Solutions Are like Points on a Map

Optimization algorithms are like explorers searching the surface of the earth for the highest mountain or the lowest point. The solutions to problems are points on the map where, if you arrive, you achieve some good outcome. If your goal is altitude, you are looking for the peak of Mt. Everest, at 8,848 meters above sea level (see Figure 1-7 for a map of Earth relief by altitude in relation to sea level). If your goal is finding the location that is most packed with people (population density), you are looking for the Chinese island of Macau, which has a population density of 21,081 people/km² (see Figure 1-8 for a map of Earth relief by population density). If you’re looking for the coldest place on earth on average, then you’re looking for Vostok Station, Antarctica.

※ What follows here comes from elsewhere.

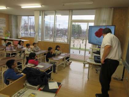 ALTの発音に合わせて、ノリノリで発音を繰り返す子供たち。小学校で初めての外国語活動を楽しんでいました。
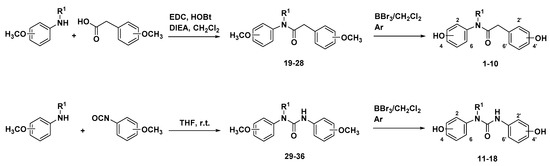 The methoxyphenyl amide derivatives 19 to 28 were prepared by reaction of the conveniently substituted aniline and the corresponding phenylacetic acid, in CH2Cl2, using 1-ethyl-3-(3-dimehylaminopropyl) carbodiimide (EDC.HCl) and 1-hydroxybenzotriazole (HOBt) as coupling agents, in the presence of N,N-diisopropylethylamine (DIEA) as a base. Further treatment of methoxy-substituted intermediates 19 to 28 with BBr3 led to the desired hydroxylated amides, compounds 1 to 10 (Scheme 1). On the other hand, the preparation of the ureido compounds 29–36 was carried out from the corresponding methoxyanilines and the methoxy-substituted isocyanates, by reaction at room temperature in tetrahydrofuran (THF) (Scheme 1). The final hydroxyl derivatives (11 to 18) were prepared from 29 to 36 also by demethylation reaction with BBr3. The synthesis proceeded very smoothly and most compounds were obtained in moderate-to-good yields with elevated grade of purity (Table 1 and Table 2). The acylation reaction was especially difficult in the case of the secondary bis-4-methoxyphenylamine to obtain methoxy amide 27, and during the urea formation of intermediate 36. Low yields in some demethylation reactions seem to be related to low stability of the final polyhydroxylated compounds (as explained later).

Now, imagine that you are an optimization algorithm searching the earth for the highest peak. One way to ensure that you find the highest peak is to set foot on every square meter of earth, take measurements at each point and then, when you are done, sort your measurements by altitude. The highest point on earth will now be at the top of your list.

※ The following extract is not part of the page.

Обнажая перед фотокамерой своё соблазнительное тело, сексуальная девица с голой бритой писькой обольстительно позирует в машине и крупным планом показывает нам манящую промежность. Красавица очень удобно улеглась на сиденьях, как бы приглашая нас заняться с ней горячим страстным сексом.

Since there are 510 million square kilometers of land mass on earth, it would take many, many lifetimes to get your answer.3 This method is called brute force search and is only feasible when the geographical search area of possible decisions is very small (like in the game tic-tac-toe). For more complex problem geographies, we need another method.

Figure_1-12.jpg
Figure 1-7. World map relief by altitude.
Figure_1-13.jpg
Figure 1-8. World map relief by population density.

A more efficient way to search the earth for the highest peak is to walk the earth and only take steps in the direction that slopes upward the most. Using this method, you can avoid exploring much of the geography by only traveling uphill. In optimization, this class of methods is called gradient-based methods because the slope of a hill is called a grade or a gradient. There are two challenges with this method. The first is that, depending on where you start your search exploration, you could end up on a tall mountain that is not the highest point on earth. If you start your search in Africa, you could end up on Mt. Kilimanjaro (not the world’s tallest peak). If you start in North America, you could end up on top of one of the mountains in the Rocky Mountain range. You could even end up on a much lesser peak because once you ascend any peak using this search method, you cannot descend back down any hill. Figure 1-9 demonstrates how this works.

Figure_1-15.png
Figure 1-9. A gradient-based algorithm will stop searching in relation to the highest point on a curve.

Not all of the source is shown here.